The bookName is present inside the link to the reader

<link type="text/html" href="/content/mali-pour-les-nuls_fr_all_2022-11" />

One could parse the link to extract the identifier but if it's a first-class input for our endpoints, maybe it deserves its own property?

It would prevent breaking access to it when changing our reader URLs but on the other end, despite its use, we don't want to consider it an identifier… just a pretty-URL-part

Popolechien commented 11 months ago

Having it appear on hover could be a good idea.

mgautierfr commented 11 months ago

bookName is a human-friendly book identifier in the internal catalog. It is built from the source ZIM filename, essentially normalizing it. On our public catalog, those mostly matches the Name metadata of the ZIM because that's our convention but it doesn't have to be.

Given it's an identifier, I wonder if we should expose it in the OPDS API.

I always was a bit disturbed by the bookName. (Without finding a solution for that).

The thing is that bookName is not a identifier. It is based on the filename and since a long time, we are stating that we must not:

However, it is a nice way to display in the url (the only place where it is used) a nice, human friendly name. So it is, at best, a local/temporary identifier only.

It would prevent breaking access to it when changing our reader URLs but on the other end, despite its use, we don't want to consider it an identifier… just a pretty-URL-part

I think we agree on this.

Following https://github.com/kiwix/kiwix-tools/pull/586, it is clear that the bookName is an important information for Kiwix-serve users/integrators.

Can you be a bit clearer why it is important ? How it would be used by users/integrators ? I expect them to click on the open button in the library. Or just copy/paste the url.

On raw/ endpoint which indeed could be used to check things, I would prefer change the endpoint to use uuid instead of bookName. For other endpoints, if it would have be only about me, I would use uuid too. But users may be too confused and I'm not sure it worth it.

rgaudin commented 11 months ago

This ticket is one year old 🎂 🎉

If you don't want to rely on the bundled reader, your still need the ZIM Name to construct a URL to the /raw endpoint in order to retrieve the content while using your own chrome. That URL ID not being exposed, it needs to be parsed/extracted from the text/html URL. That's fragile.

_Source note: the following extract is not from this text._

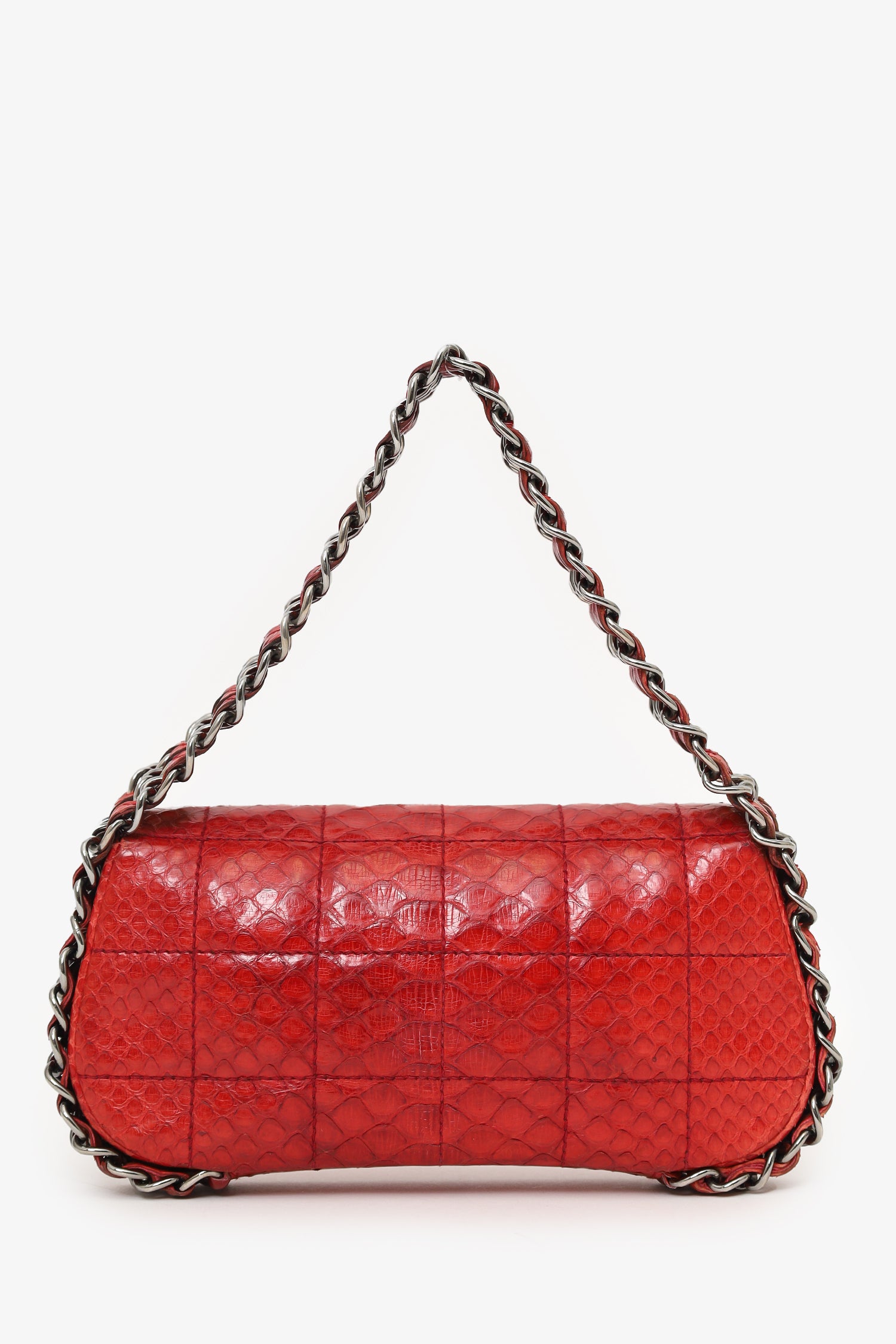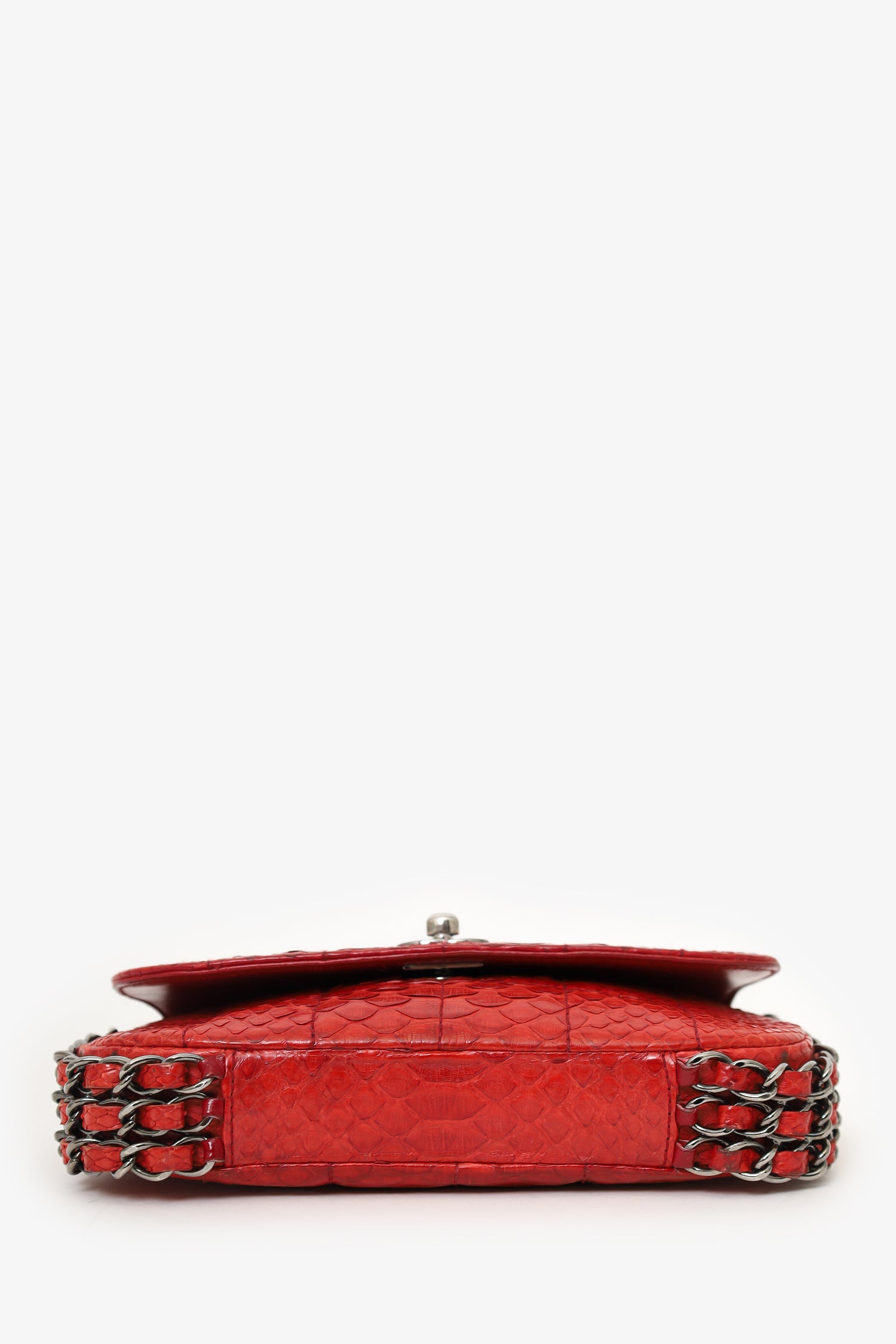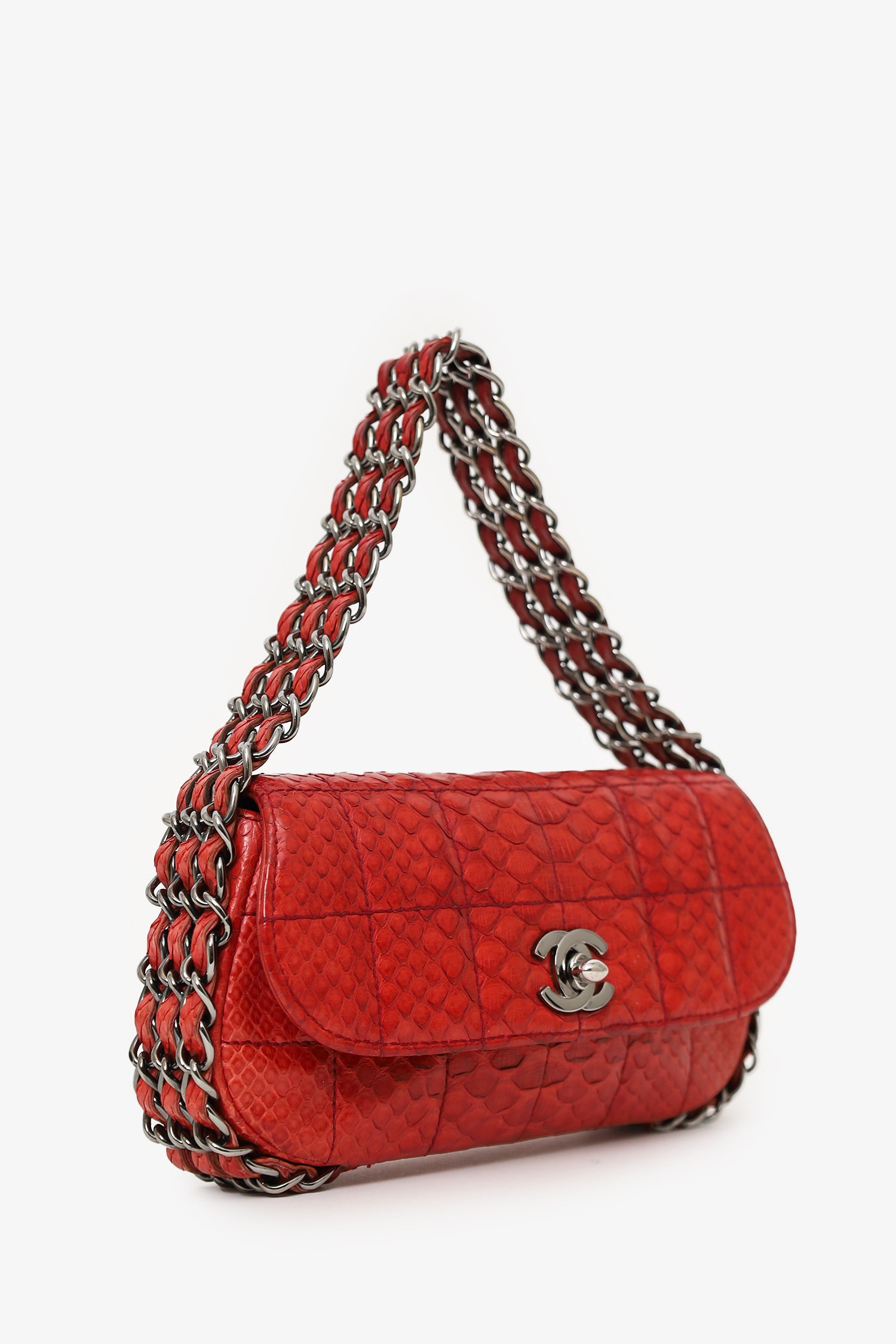 Pre-Loved Chanel™ 2004-05 Red Python Leather Tripe Chain CC Mini Flap Bag

Note that since this ticket was created we changed the behavior of the /content/ prefix endpoint (the one returned for text/html by the API) to return the raw content (it was the reader version).

So that very example is not valid anymore but since it's the identifier part of the URL, that's a non-API endpoint that users should be able to construct: to build a different homepage but link to the reader URL for instance.

What I think:

kelson42 commented 11 months ago

IMHO It's time to implement it based on ZIM metadata.